The Race Between Countries to Accumulate the Most Technically Skilled Work Force
According to a 2019 study by Indeed, machine learning (ML) engineer ranked #1 on the job site’s best jobs, with ML growing 344% between 2015 and 2018. A total of nine jobs in the tech realm were included on the list, with full-stack developer ranking #3, robotics engineer ranking #11 and data scientist ranking #22. With tech jobs in demand around the world, countries often find themselves in competition for the highest skilled workforce.
A Diffbot report from 2018 “identified more than 720,000 people skilled in machine learning across the globe,” writes Alison DeNisco Rayome for TechRepublic. The report also showed that 62% of machine learning graduates in China left for jobs in the United States.
The report lists the United States with the greatest concentration of skilled machine learning employees, with about 31% of the global share of the workforce. India, the United Kingdom, Canada, and China rounded out the list.

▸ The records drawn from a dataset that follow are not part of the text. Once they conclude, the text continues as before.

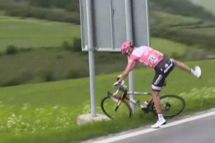 ¡Hay apretones muuuuy inoportunos! Y si no que se lo digan a Tom Dumoulin, quien ayer se vio obligado a bajarse de su bicicleta durante el Giro de Italia para hacer sus necesidades. Puedes escucharlo en el Zapping de Maspi, donde también escucharás cómo presumen de anillos Risto Mejide y Laura Escanes en el Instagram de la joven y conocerás ¡¡por fin!! el secreto para que un matrimonio dure.
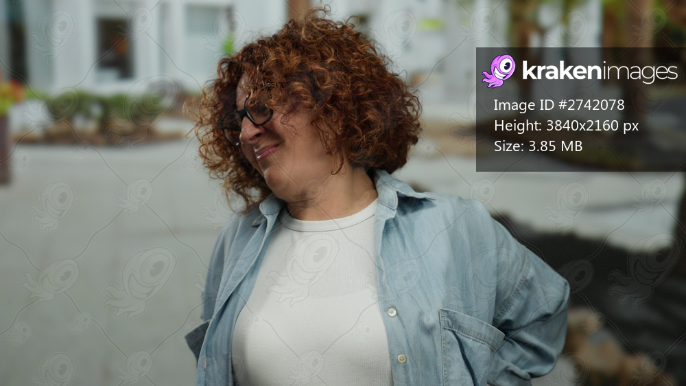 Woman wincing in pain on city street, dressed casually in blue and white, outdoor urban scene, with curly hair and glasses, middle-aged hispanic in discomfort. - Kraken Images
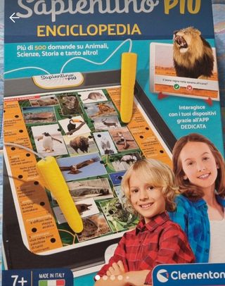 Gioco educativo Sapientino Più Enciclopedia Clementoni, in ottime condizioni. Include 2 pennarelli elettronici e 2 tabelloni con domande su animali, scienza, storia e tanto altro! Ideale per bambini dai 7 anni in su. - Perfetto per imparare giocando. - Include app dedicata. - Made in Italy.
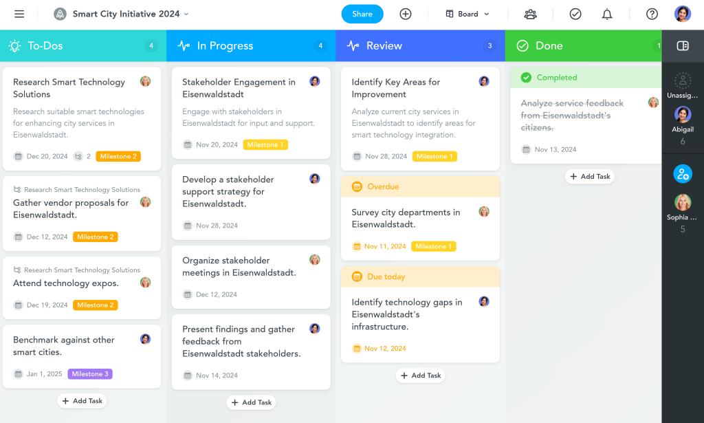 Today’s project management tools use automation in a way that saves time for users by automatically assigning tasks, moving cards based on status changes, and sending reminders. Hence, advanced Kanban tools utilize an AI orchestration capability and apply it to help users define potential risks and also recommend the best time to schedule tasks.
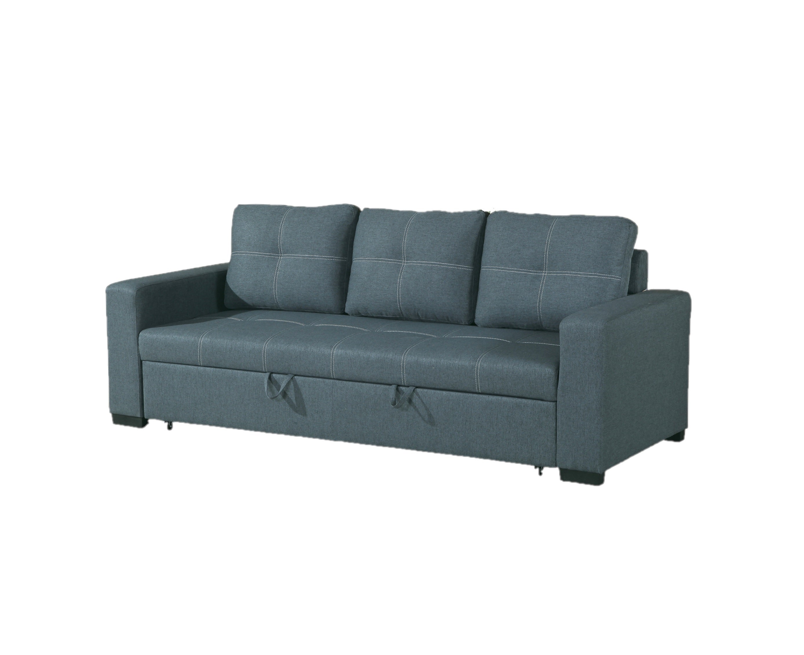This convertible sofa blends contemporary styling with practical functionality—ideal for modern living rooms that need versatile seating and a comfortable overnight sleeping solution. Its clean lines, squared stitching, and durable polyfiber upholstery in blue-grey deliver a polished look while the pull-out bed mechanism makes hosting guests effortless.
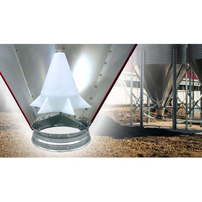 Available for 16" to 22" hoppers. HIGHLIGHTS: Reduces feed bridging. First feed in is first feed out. Reduces feed separation. Easy to install.
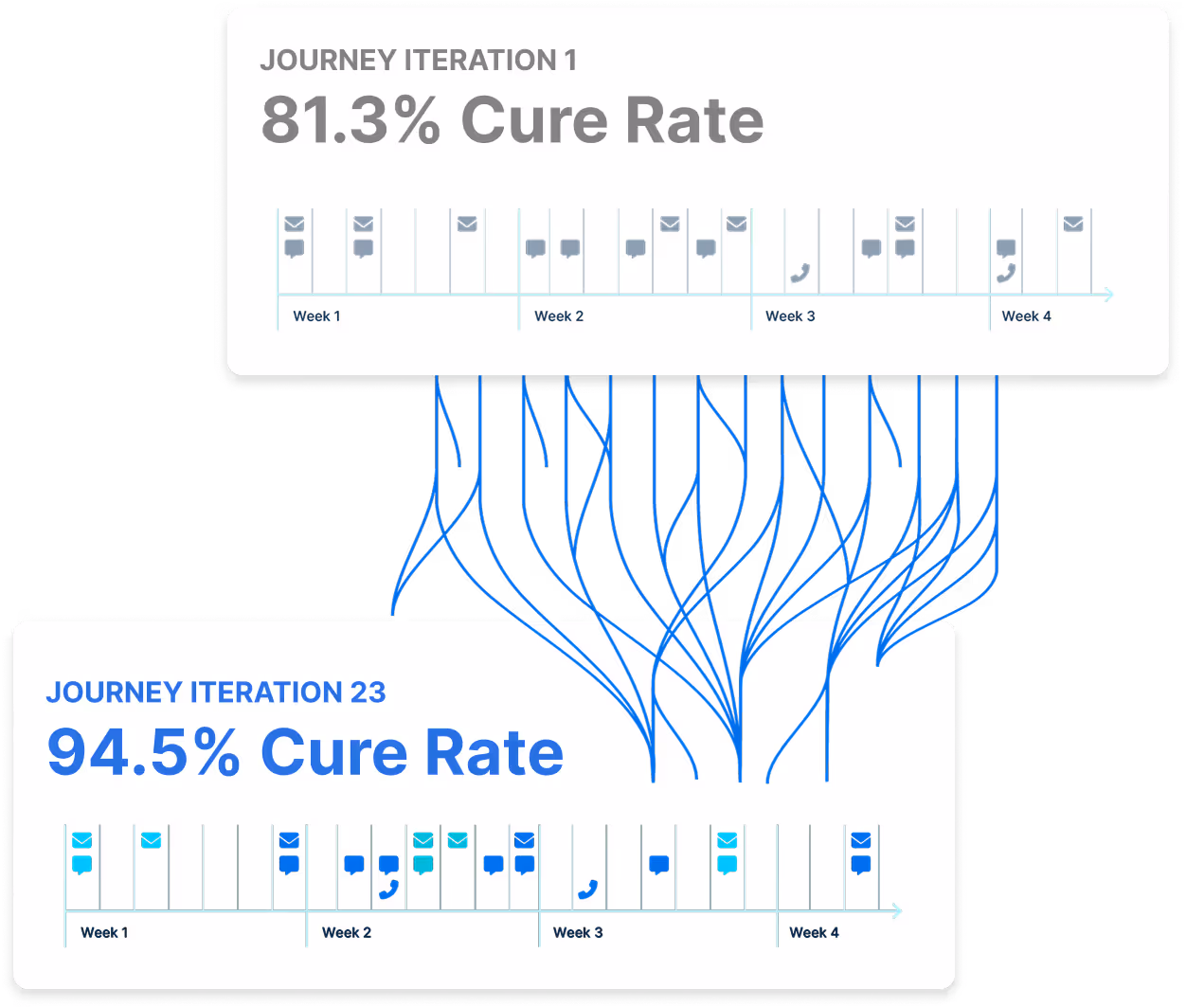 Symend integrates real-time learnings into every stage of active journeys, delivering compounding performance over time.
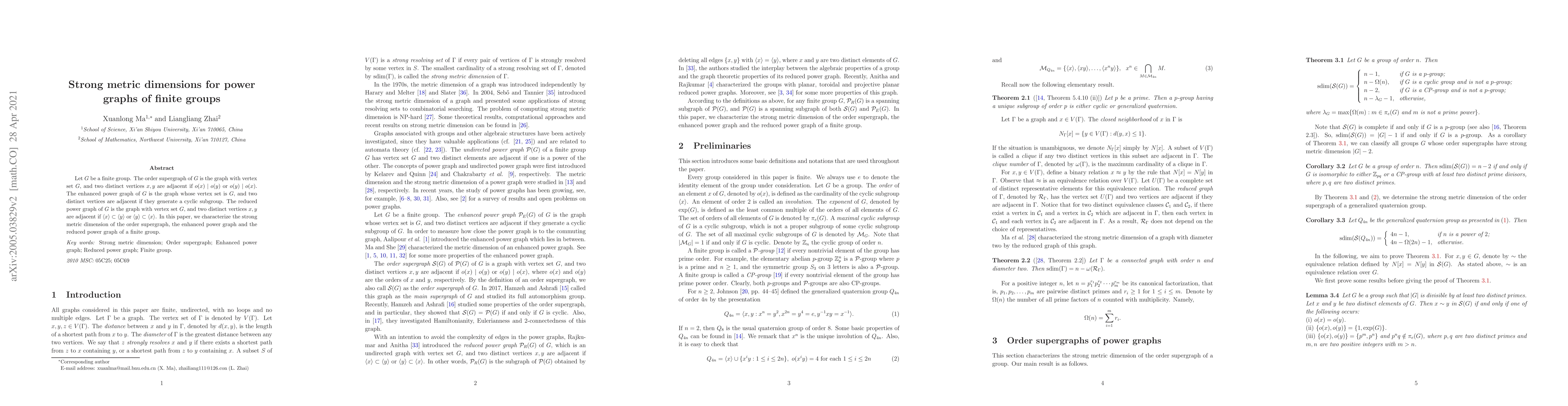Let $G$ be a finite group. The order supergraph of $G$ is the graph with vertex set $G$, and two distinct vertices $x,y$ are adjacent if $o(x)\mid o(y)$ or $o(y)\mid o(x)$. The enhanced power graph of $G$ is the graph whose vertex set is $G$, and two distinct vertices are adjacent if they generate a cyclic subgroup. The reduced power graph of $G$ is the graph with vertex set $G$, and two distinct vertices $x,y$ are adjacent if $\langle x\rangle \subset \langle y\rangle$ or $\langle y\rangle \subset \langle x\rangle$. In this paper, we characterize the strong metric dimension of the order supergraph, the enhanced power graph and the reduced power graph of a finite group.
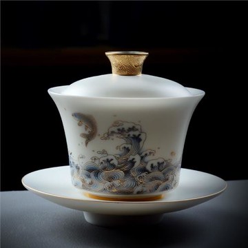 羊脂玉瓷蓋碗手工描金敬茶杯德化白瓷三才碗家用大茶碗純色小清新
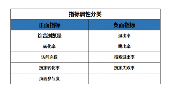 在分析這些分解目標(biāo)前,我們需要先將問題轉(zhuǎn)化為可以度量的指標(biāo),例如目標(biāo)的正面指標(biāo)制定即是可以促進(jìn)網(wǎng)站目標(biāo)完成度的指標(biāo),目標(biāo)的負(fù)面指標(biāo)制定是可以降低網(wǎng)站目標(biāo)完成機(jī)會(huì)的指標(biāo)。如下圖所示:
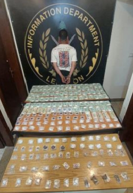 وأضافت، "ضُبِطَت بحوزته، كميّة من المواد المخدّرة المختلفة الأنواع، مقسّمة في أظرف وعلب و"طبّات" بلاستيكيّة، معدّة للتّرويج".

However, China has been more successful in raising funding for artificial intelligence (AI) startups, raising a half a billion dollars more than the US in 2017. The Chinese government has set a policy to become the world’s primary artificial intelligence innovator by 2030. To accomplish this goal, China will need employees knowledgeable in ML and AI.
The nature of machine learning work means that it is portable—employees can work on projects from anywhere. This also means that countries can bring in ML employees to fill gaps, such as microchip and semiconductor production. China has taken advantage of this by importing employees and business, particularly from Taiwan.
“All of China’s leading AI chip players are signed up with TSMC for production—Taiwan’s semiconductor prowess is China’s secret weapon in the coming semiconductor and AI chip wars,” reports Paul Triolo and Graham Webster for civic think tank New America. Taiwan Semiconductor Manufacturing Corporation (TSMC) is a leading producer of AI-optimized semiconductors.
However, many US firms have been doing this type of work for years, and there will be difficulties for China to make up that difference. The process of successfully developing and iterating complex hardware designed to run AI algorithms can be very difficult.
“It remains unclear if Chinese firms, including large and well-funded players such as Alibaba and Baidu can attract and keep sufficient numbers of design engineers to break into a significant market share for areas such as GPUs,” says Triolo and Webster.
As competition continues between the US and China, and as other countries enter into the mix, the need for employees skilled in machine learning, artificial intelligence, and other computer science fields is only going to increase.